I'm not sure I get the benefits of this. You can write the same thing even more
simply by directly using `ThreadPoolExecutor`. You don't even need
`as_completed` as in your `concurrent_future_example`, because you don't want
any of the values as they're completed, you only want them after they're all
available. In fact, you don't even need to deal with futures. (You don't even
need an executor; you could just use a `multiprocessing.[Thread]Pool`, but
let's stick with the executor here.)
def main():
with concurrent.futures.ThreadPoolExecutor(max_workers=5) as executor:
succeeded = executor.map(extract_and_load, URLs)
print(f"Successfully completed {sum(1 for result in succeeded if
result)}")
I think this meets your own design considerations better than your version.

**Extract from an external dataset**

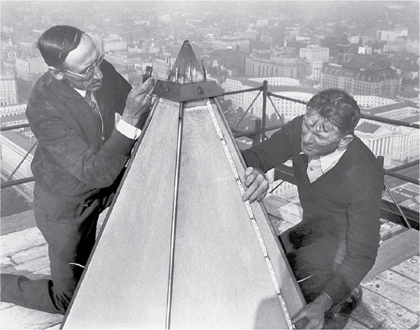 Одетые с иголочки инженеры чистят алюминиевую верхушку Монумента Вашингтона. В 1884 году правительство США решило увенчать обелиск алюминием, так как в те годы он считался самым дорогим (а значит, и самым шикарным) металлом в мире, гораздо ценнее золота. Фотография из архива Bettmann/Corbis

It's even less invasive—not even a decorator, just use the existing function
as-is. Since there is no decorator, it doesn't get in the way of serial code.
And so on.
If you need to have environment variables that control the parallelism, you can
wrap `ThreadPoolExecutor` trivially. Just write an `__init__` that looks up the
environment variables before calling `super()`; you don't need to build a whole
different abstraction on top of it.
Of course it's also more flexible—if you do need more complicated concurrency
later (e.g., if processing results takes long enough that it's worth handling
them as they come in instead of waiting for them all), you have the futures,
which can be composed in various ways—but it doesn't in any way force you to
use that flexibility if you don't need it.
If you find this useful anyway, because you have a team that doesn't want to
learn even the basic use of futures and executors, of course that's fine. And
if you put it on PyPI, maybe others will find it useful as well. But I don't
think there's any need for it in the stdlib or anything.